Googles appar
Huvudmeny

Post a Comment On: cbloom rants

"On the entropy of distance coding"

2 Comments -

1 – 2 of 2
Blogger Charles said...

Nice article; relatively easy to follow :). Let me see how much I got right here.

I think your argument boils down too:

Algorithms which say things like 'repeat that sequence we saw 2 tokens back' are less efficient than 'repeat that sequence at token 5'.

And you present some evidence centered on a dataset with 256 tokens of 4 bytes each.

An obvious argument; if we increase the size of the file in an unbounded way (so, 256 tokens of 4 bytes each, but 50GB of data), the distance between the sequence will, on average, remain the same, while the absolute index value most recently seen would increase an unbounded (but much slower) way.

Unless, we cheat and assume we can reference the first value seen (the index of which will probably be quite small) for all instances of a value. You do seem to be making that assumption here, and I don't really see a strong reason why you shouldn't do that, especially with the additional constraint 'your data consists of a finite set of tokens'. You call it out a bit in the hat example.

As an interesting extension to this; your assumptions here would not hold up as well if data was not random and tended towards 'chunking'. For example, if we had 4 billion bytes of 'black', then 4 billion of 'white', sending the index of a white pixel would use 4 bytes or so, where as sending the 'last reference' would be (on average) 1 byte.
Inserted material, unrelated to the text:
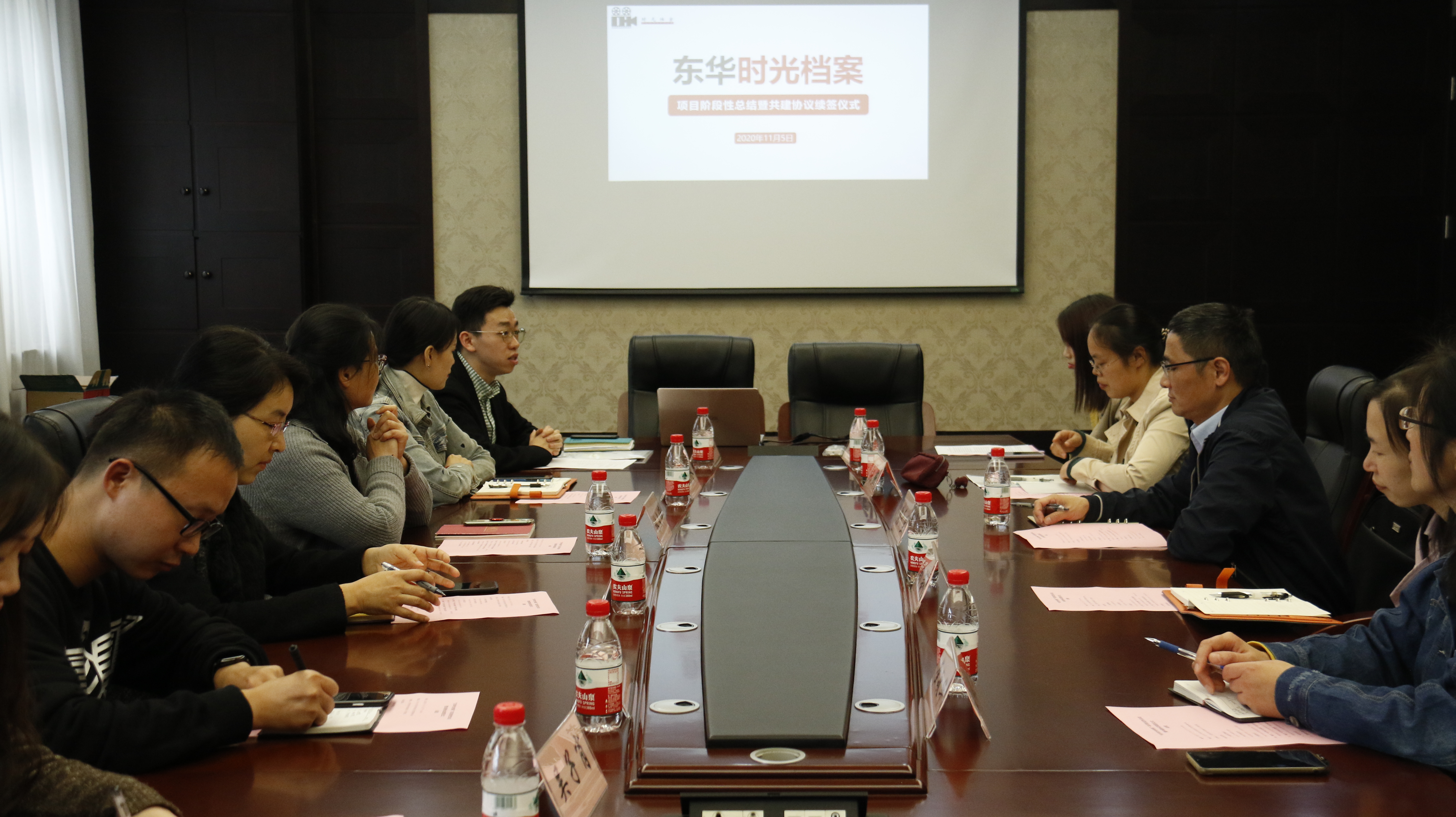 11月5日,“东华时光档案”项目举行阶段性总结暨共建协议(2020-2023)续签仪式。公司党委书记林文伟,档案馆馆长张千里、馆长助理陶莉,3044am永利集团官网党委副书记丁怡,项目指导教师以及员工团队代表参加总结交流活动。会议由专职辅导员黄凯聪主持。

So if there is a time component to the data (i.e., it changes from predominately one color to another over time), sending distance might work better. I wonder if that is more common in practice? How strong does this tendency have to be to make distance more attractive?

PS; the lack of an open-source decompression library for Oodle makes me sad. I really want to extract images from one of my favorite games, but they use Oodle and cause me much sadness.

June 14, 2020 at 1:58 AM

Blogger cbloom said...

No, you're not sending the index as in a position. The alternative to distance coding is indexing by *content*.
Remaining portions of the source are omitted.